Justices appeared skeptical about the state’s argument that the restrictions satisfied strict scrutiny.

“Already in place are professional regulations that doctors and physicians have to abide by,” said Justice Eric Rosen. “There's already a governmental mechanism in place that ensures the public safety.”

Biles said a lower court blocked the restrictions because the state didn’t identify any safety concerns specific to abortion providers that would warrant more stringent regulation.

“This … needs to be analyzed as an overregulation case — killing an ant with an atom bomb,” he said. “You’re overregulating, and thereby not gaining anything other than restricting access to abortion.”

Powell said the state’s position is that abortion is inherently different from other medical procedures.

“The act of abortion and the procedure takes a human life,” he said. “That justifies the additional regulation over and atop what general regulations may exist governing the medical profession.”

Danielle Underwood, a spokesperson for Kansans for Life, said the court should reinstate the clinic restrictions.

“At the very least, abortion clinics should be required to be licensed and have the highest safety standards for women.”

Caroline Sacerdote, an attorney who argued against the state on behalf of the Center for Reproductive Rights, said in an interview that reinstating the laws would significantly interfere with doctors’ ability to provide abortions in Kansas.

“They heap a slew of restrictions onto the provision of abortion care that would apply from the time a patient walks into a medical office to seek constitutionally protected care until the time they leave that office,” she said.

Several justices referenced the landslide vote last August when Kansans decided against removing the right to an abortion from the state constitution.

“We had a vote in August, and it was pretty overwhelming, to reject the proposition to amend the constitution,” said Justice Biles. “That’s the elephant in the room: How do we factor that in when you’re asking us to change our interpretation of the Kansas Constitution when the people spoke so forcefully?”

Chief Justice Marla Luckert said voters signaled agreement with the court’s decision when they were asked.

“The check on us is through legislation and constitutional amendment,” she said. “That’s what was played out in August.”

But Justice Caleb Stegall, who was the only justice to dissent to the court’s 2019 decision, said the August vote has little relevance to the court’s interpretation of the state constitution.

“One of the things we often say as a court is that we don’t take public opinion polls about the meaning of the constitution,” he said.

“Assume that it’s sort of beyond question that what the people of Kansas were doing in August was ‘endorsing’ the opinion of this court,” Stegall said. “As a matter of constitutional law, why would that matter?”

The ideological makeup of the court has not significantly changed since its earlier abortion rulings.

But the threat of a potential reversal by the court would have wide-reaching implications, given the state’s newfound role as an abortion destination for patients from across the South and Midwest after the fall of Roe v. Wade last summer.

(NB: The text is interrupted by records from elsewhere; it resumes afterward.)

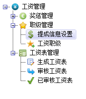 工資模塊的操作可分為六個(gè)步驟:分別是 提成信息設(shè)置—工資職級設(shè)置—員工職級設(shè)置—生成工資表—審核工資表—已審核工資表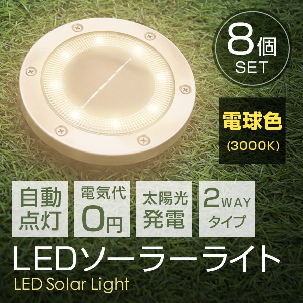 > 【8個セット】新品未使用 LED ソーラーライト 電球色 2WAY ガーデン ライト 埋め込み 置き型 防水 玄関 庭 駐車場 誘導灯 太陽光充電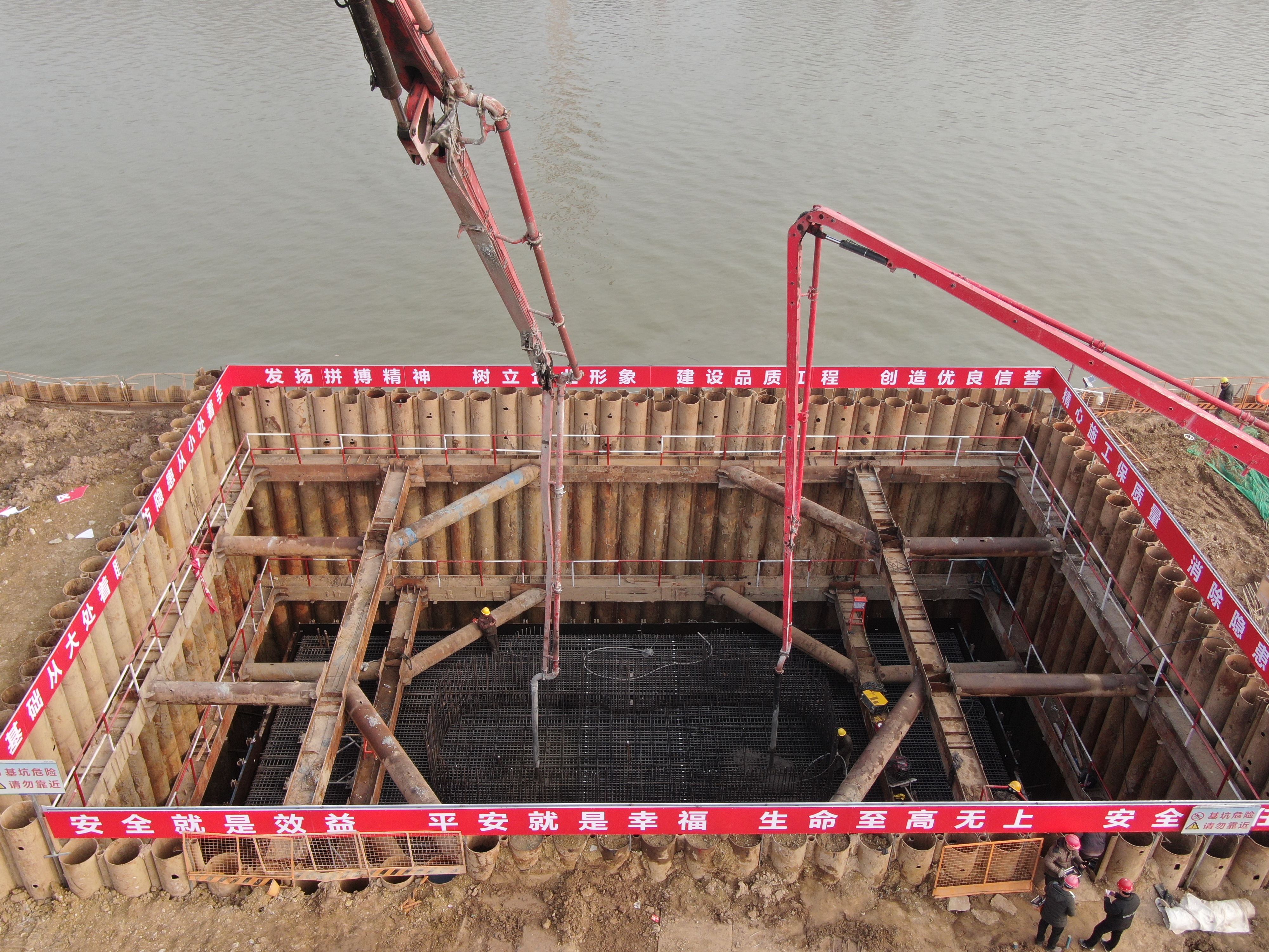 【宿遷交建】268省道宿遷段工程(洋河新區(qū)段)京杭運(yùn)河特大橋16#主墩承臺(tái)完成澆筑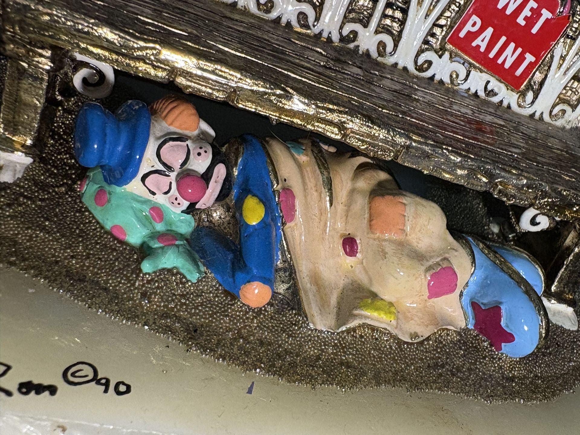 The Ron Lee clowns figurine is a handmade, original piece perfect for any room in your home. This signed figurine features a circus theme and is ideal for all occasions. The unboxed packaging allows for easy display and adds a unique touch to any space. Perfect for collectors or anyone looking to add a whimsical and artistic touch to their decor.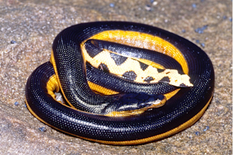 黄腹海蛇可以在世界各地的温暖水域的海洋表面上漂浮。它以其双色外观而闻名——黄色的腹部和深色的上侧。这种蛇有一个特点,就是它是分布最广的海洋蛇类。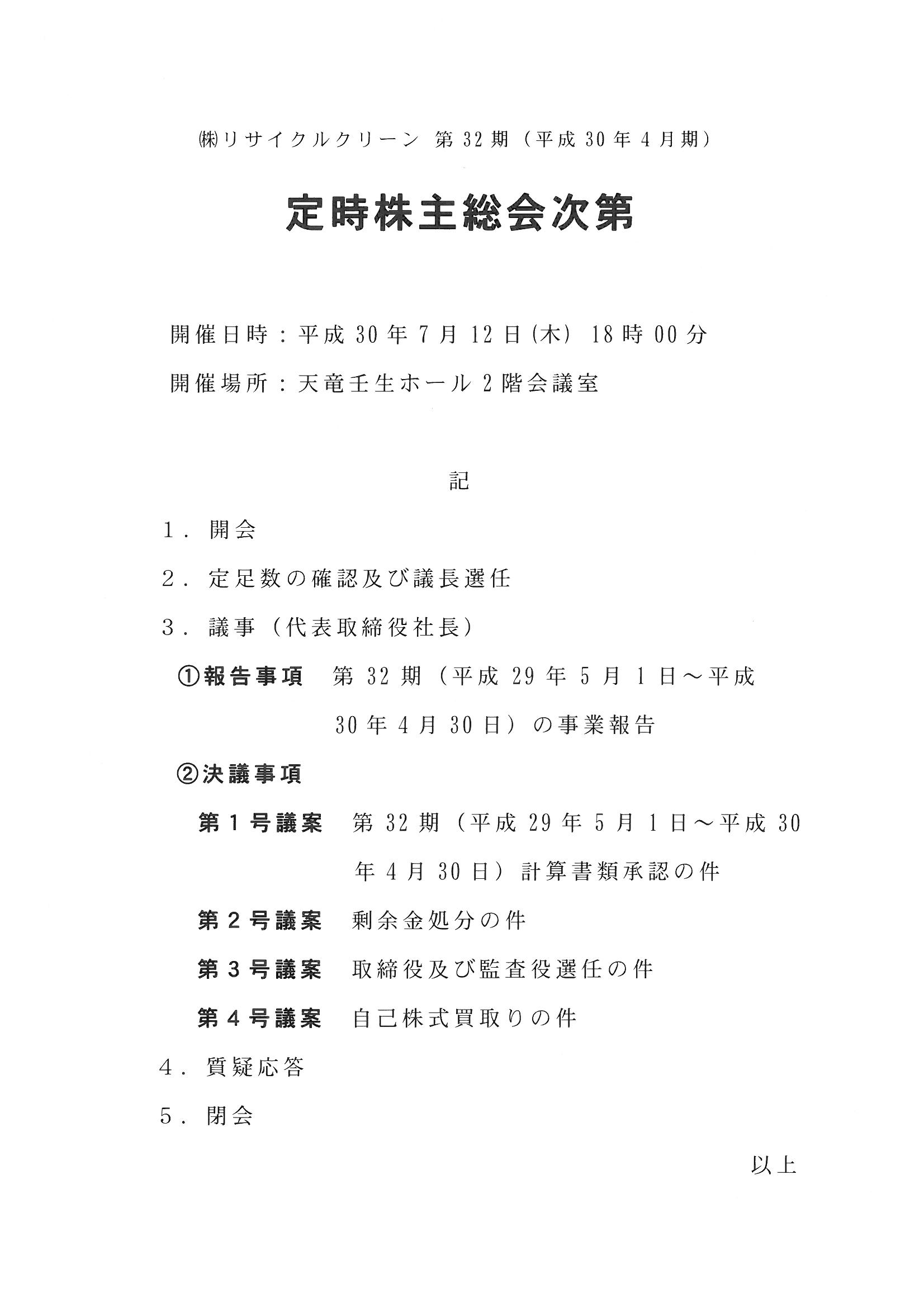 昨日(7月12日)天竜壬生ホールにて、第32期 定時株主総会を開催しました。弊社の株主総会は株主様の他に取引金融機関様、参加を希望する社員各位など多くの利害関係者の参加を歓迎しています。昨日も7行の金融機関様、30名の社員各位が参加してくれました。

Abortion providers said the case threatens the availability of abortion across the region.

“The stakes are high because either case could have an impact on the availability of care on an already overburdened system,” said Emily Wales, President and CEO of Planned Parenthood Great Plains. “We are confident the justices will see this for what it is: a blatant attempt by anti-abortion politicians to prohibit people from accessing their right to reproductive health care, which is constitutionally protected.”